若想将stage的值等于100拿到flag,我们需要发送如下your_input值到服务器
# 服务器源码中的your_input
your_input={
"decoded": "graceless_misfits_snots"}
服务器将其值与当前的challenge_words进行判断,相等时才会继续执行升级方法create_level使stage增加。
我们发现,首次连接服务端发回的已编码的值,我们将其按照编码类型进行解码,解码后的值以your_input值的形式发送到服务端,即可使上述判断相等,执行方法create_level,stage自增一级,challenge_words重新随机分配,随机编码后返回客户端,客户端接着解码发送到服务端。

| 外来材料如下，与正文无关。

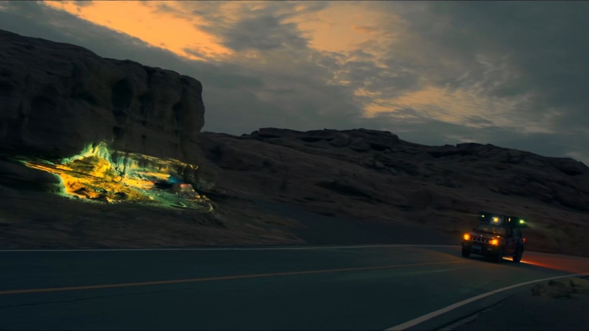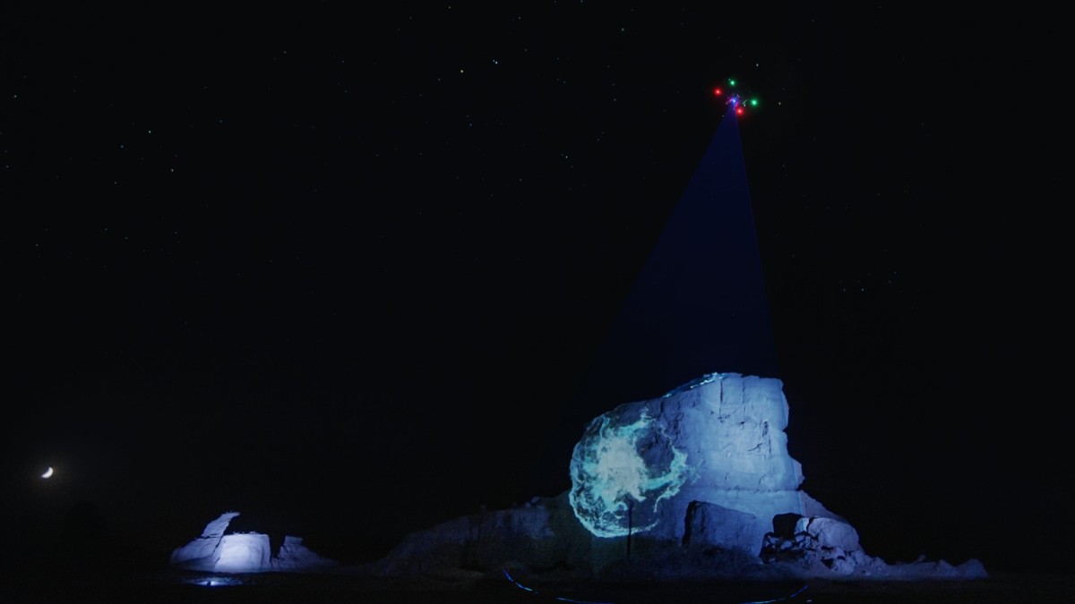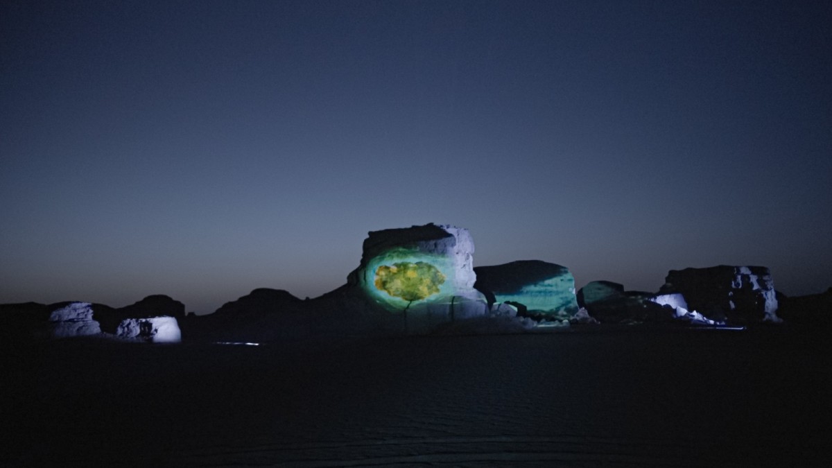2022年8月3日,“牧光计划”在雅丹国家地质公园进行了第一回的作品展演。郑靖与团队成员于7月26日抵达敦煌正式启动“牧光计划”。在为期5天的时间里,郑靖与团队以游牧行进的方式在敦煌地区勘测了5处地点,并根据空间条件选取了4处地点进行作品的创作与展演。经过2天勘测、2天准备,以及18个小时的昼夜测试,8月3日22点30分,距离敦煌市区168公里的雅丹国家地质公园迎来了历史上的首次公共空间艺术创作与展演,这也是雅丹地貌首次以与光影艺术相结合的形式面向世人。

由此进行100次循环后,stage值达到100,就可以顺利拿到flag
pwntools_example.py和telnetlib_example.py为解题代码的一部分,我们选择一个使用就好
# pwntools_example.py
from pwn import * # pip install pwntools
import json
r = remote('socket.cryptohack.org', 13377, level = 'debug') # 连接服务端
def json_recv(): # 读取接收到的数据,识别字符串中的json格式并转化为dict格式
line = r.recvline()
return json.loads(line.decode())
def json_send(hsh): # 将dict格式转化成json格式的字符串发送给客户端
request = json.dumps(hsh).encode()
r.sendline(request)
received = json_recv() # 接收服务端信息赋值给received
print("Received type: ")
print(received["type"])
print("Received encoded value: ")
print(received["encoded"])
to_send = {
# 发送的信息,主要改变changeme内容
"decoded": "changeme"
}
json_send(to_send)
json_recv()
结合服务器源码分析,完善客户端解题代码如下
import telnetlib
import json
import base64
from pwn import * # pip install pwntools
import json
from Crypto.Util.number import bytes_to_long,long_to_bytes
import codecs
from binascii import a2b_hex,unhexlify
r = remote('socket.cryptohack.org', 13377)
def json_recv():
line = r.recvline()
return json.loads(line.decode())
def json_send(hsh):
request = json.dumps(hsh).encode()
r.sendline(request)
challenge_words = [] # 建立接收数据的列表
for i in range(100):
received = json_recv()
#print("Received type: ")
#print(received["type"])
#print("Received encoded value: ")
#print(received["encoded"])
if received["type"] == "base64": # 根据编码类型解码加入到列表中
challenge_words.append(base64.b64decode(received["encoded"].encode()).decode()) # wow so encode
elif received["type"] == "hex":
challenge_words.append(unhexlify(received["encoded"]).decode())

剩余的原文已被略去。